Tobias Winnerling
Time and Place: Thursday, 01.07., 15:05–15:25,Room 1
Session: Co-authorship and Citations
The aim of this paper is to show two entangled developments: how patterns of written references to scholars in learned journals faded over time, and how epistemic communities, that is, ‘invisible colleges’ centred around specific research questions rather than delineated by (not yet constructed) disciplines, were constructed in these journals by situating scholars within circles of other scholars. In the absence of a clear system of assigning scholars to disciplines and within journals which were general in scope, encompassing all of learning (skewed by their respective biases towards special topics), mapping out such imagined communities of scholars being referred to in the same contexts sheds light on the formation processes of fields of inquiry within the republique des lettres. This is especially important to determine the reasons why any given scholars were mentioned at all, and why journals ceased mentioning them after some time.
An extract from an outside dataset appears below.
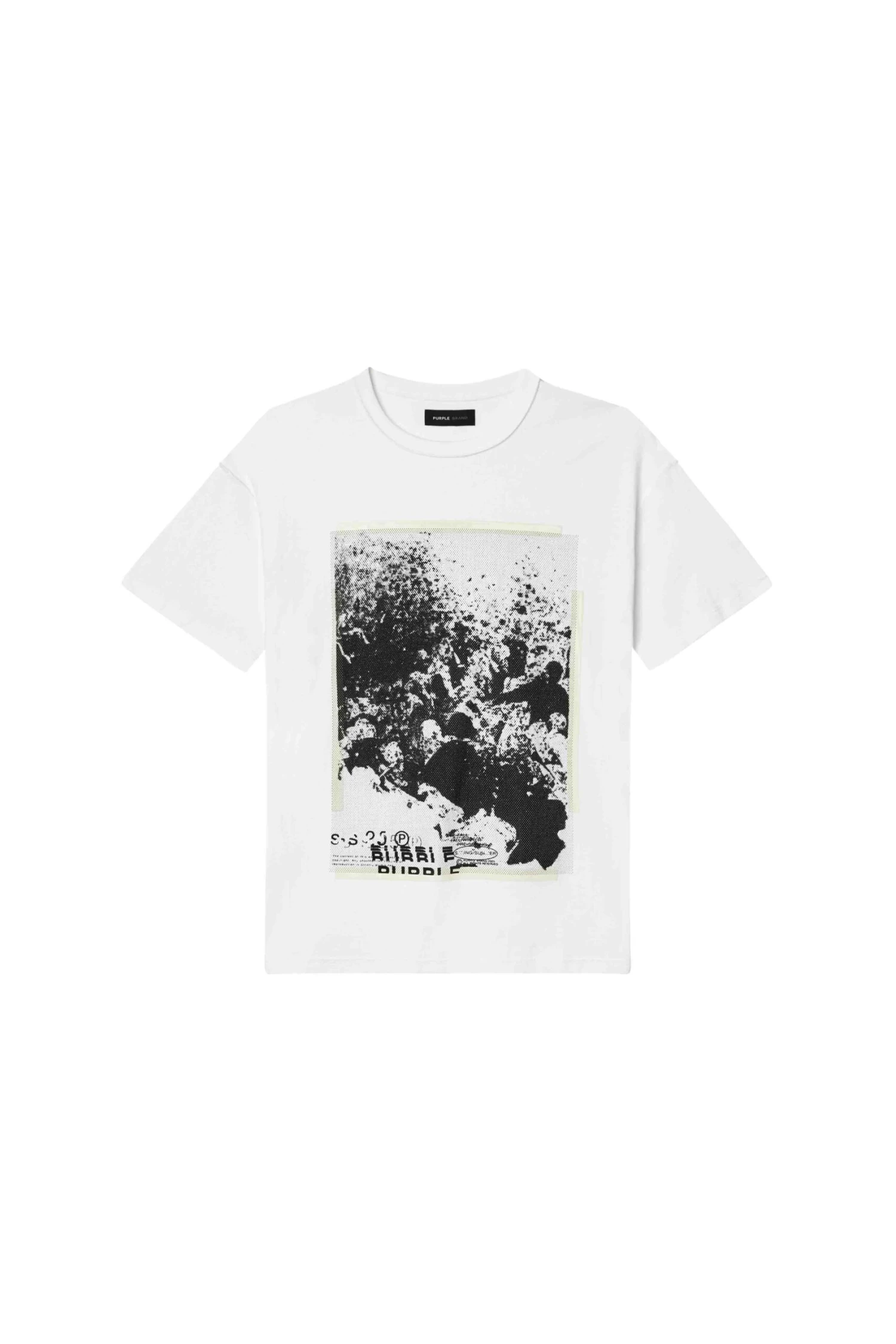Designed for a regular fit, this white crewneck tee comes in a textured jersey knit made from 100% cotton. It features “inside out” seaming and a digital print with a raised, transparent finish.

To be able to do so, I focus on four scholars selected as exemplary figures the references to whom and the scholars co-cited with them I tracked over the course of the whole 18th century in a corpus composed of a sample of learned journals. These scholars, serving as my protagonists here, are the German-Dutch reformed theologian and Hebraist Johannes Braun (1628–1708), the English Anglican theologian and classical philologist Thomas Gale (1636–1702), the Dutch ‘oriental’ philologist, historian and religious scholar Adriaan Reland (1676–1718), and the French ‘oriental’ philologist and church historian Eusèbe Renaudot (1646–1720).
The data set constructed to visualize and analyse these patterns covers all issues of four major learned journals of the 18th century – between January 1701 and December 1799 – referencing my protagonists. This sample comprised the Journal des Savants (Paris); the Philosophical Transactions (London); the Maandelyke Uittreksels, of Boekzaal der geleerde waerelt (Amsterdam); and the Acta Eruditorum plus Nova Acta Eruditorum (Leipzig). To allow for co-citation analysis despite the absence of a formal citation scheme or system, which were not yet developed by learned journals in the 18th century, all other persons and publications mentioned together with at least one of my protagonists on the same page were tracked.
This focus on individual pages rather than full texts (articles/papers) was due to two reasons:
a) Extracting all references and publications from the complete texts in questions, most of which are review articles focused on certain publications and which usually cover between 5 and 20 pages, would not have been possible as it all had to be done manually;
b) as I had to manually extract all data from full text I necessarily had to close-read large parts of these texts, which showed that quite usually they were arranged topically. Thus scholars and publications considered as relating to the same topic by the author of the text in question were referred to close to each other, and the discussion was consequently moved to other topics. Identifying persons and publications on the same page thus captured a reasonably large clipping of scholars clustered around a specific research question.
To process the corpus, all issues from the respective journals falling into the 18th century were accessed as full texts via HathiTrust which were then searched for pages on which at least one of my protagonists was either referred to by name or cited with a publication. For each of these pages all other names of scholars and cited publications were manually assembled, identified, and entered into a Nodegoat database.
The completed data set contains data of 395 journal issues, in which 1532 persons and 841 publications are co-cited together with my protagonists. The resulting network data are used for:
a) co-referencing analysis, relations being defined by who is named on the same page as my protagonists;
b) co-citation analysis, relations being defined by being cited on a page my protagonists were either cited or referred to.
Nodegoat was used for diachronic visualization of the data set for both patterns of relations, while the results were checked by running the exported data in Gephi also, using gliding ten year averages. The results make clear that not only the patterns of references are specific to each scholar within each journal (although the aggregated data show that the patterns for Reland and Renaudot are similar, as are those for Braun and Gale) but also that the epistemic communities built from scholars being frequently co-referred to or co-cited with each other were no stable entities in the 18th century but subject to shifts over time and differences between journals.
It also becomes clear that a rapid decline of reference frequencies sets in about ten to twenty years after each protagonist’s death, to be followed by long phases of low-scale intermittent irregular referencing – that is what I call fading into structural oblivion – only disrupted by occasional spikes caused by rising attention connected to specific intellectual currents and events.